WHAT THIS TASK INVOLVES:
Below are the records; give again exactly the line with "Mixed media collage", the line with "This card design", and each line that lies between them, and nothing besides.

THE DATA:
*** Begin section ***

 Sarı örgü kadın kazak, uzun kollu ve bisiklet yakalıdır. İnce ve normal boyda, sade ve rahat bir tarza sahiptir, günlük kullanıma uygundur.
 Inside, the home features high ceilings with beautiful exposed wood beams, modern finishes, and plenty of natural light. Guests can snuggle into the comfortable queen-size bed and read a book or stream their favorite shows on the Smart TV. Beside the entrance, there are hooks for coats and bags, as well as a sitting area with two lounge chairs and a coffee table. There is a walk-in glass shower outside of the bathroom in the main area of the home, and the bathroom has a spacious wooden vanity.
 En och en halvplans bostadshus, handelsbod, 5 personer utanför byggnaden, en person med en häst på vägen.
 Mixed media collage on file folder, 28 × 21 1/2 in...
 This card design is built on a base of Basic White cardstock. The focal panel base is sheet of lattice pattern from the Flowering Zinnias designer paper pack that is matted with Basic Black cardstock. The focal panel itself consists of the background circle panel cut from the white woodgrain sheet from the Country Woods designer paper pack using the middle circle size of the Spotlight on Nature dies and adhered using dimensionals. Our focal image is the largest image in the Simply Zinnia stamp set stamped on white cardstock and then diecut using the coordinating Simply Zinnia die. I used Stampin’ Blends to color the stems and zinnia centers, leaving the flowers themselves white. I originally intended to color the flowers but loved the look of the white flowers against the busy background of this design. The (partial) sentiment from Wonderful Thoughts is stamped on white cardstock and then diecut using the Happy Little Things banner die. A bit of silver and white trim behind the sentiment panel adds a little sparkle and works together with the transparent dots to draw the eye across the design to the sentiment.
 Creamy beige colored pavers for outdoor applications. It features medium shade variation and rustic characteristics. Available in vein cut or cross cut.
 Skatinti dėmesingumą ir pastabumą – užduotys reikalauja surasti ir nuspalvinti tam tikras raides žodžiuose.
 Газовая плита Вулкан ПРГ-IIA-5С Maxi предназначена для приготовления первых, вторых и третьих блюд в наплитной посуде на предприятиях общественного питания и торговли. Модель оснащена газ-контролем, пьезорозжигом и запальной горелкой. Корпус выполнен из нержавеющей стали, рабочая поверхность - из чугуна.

*** End section ***

EXERCISE OUTPUT:
 Mixed media collage on file folder, 28 × 21 1/2 in...
 This card design is built on a base of Basic White cardstock. The focal panel base is sheet of lattice pattern from the Flowering Zinnias designer paper pack that is matted with Basic Black cardstock. The focal panel itself consists of the background circle panel cut from the white woodgrain sheet from the Country Woods designer paper pack using the middle circle size of the Spotlight on Nature dies and adhered using dimensionals. Our focal image is the largest image in the Simply Zinnia stamp set stamped on white cardstock and then diecut using the coordinating Simply Zinnia die. I used Stampin’ Blends to color the stems and zinnia centers, leaving the flowers themselves white. I originally intended to color the flowers but loved the look of the white flowers against the busy background of this design. The (partial) sentiment from Wonderful Thoughts is stamped on white cardstock and then diecut using the Happy Little Things banner die. A bit of silver and white trim behind the sentiment panel adds a little sparkle and works together with the transparent dots to draw the eye across the design to the sentiment.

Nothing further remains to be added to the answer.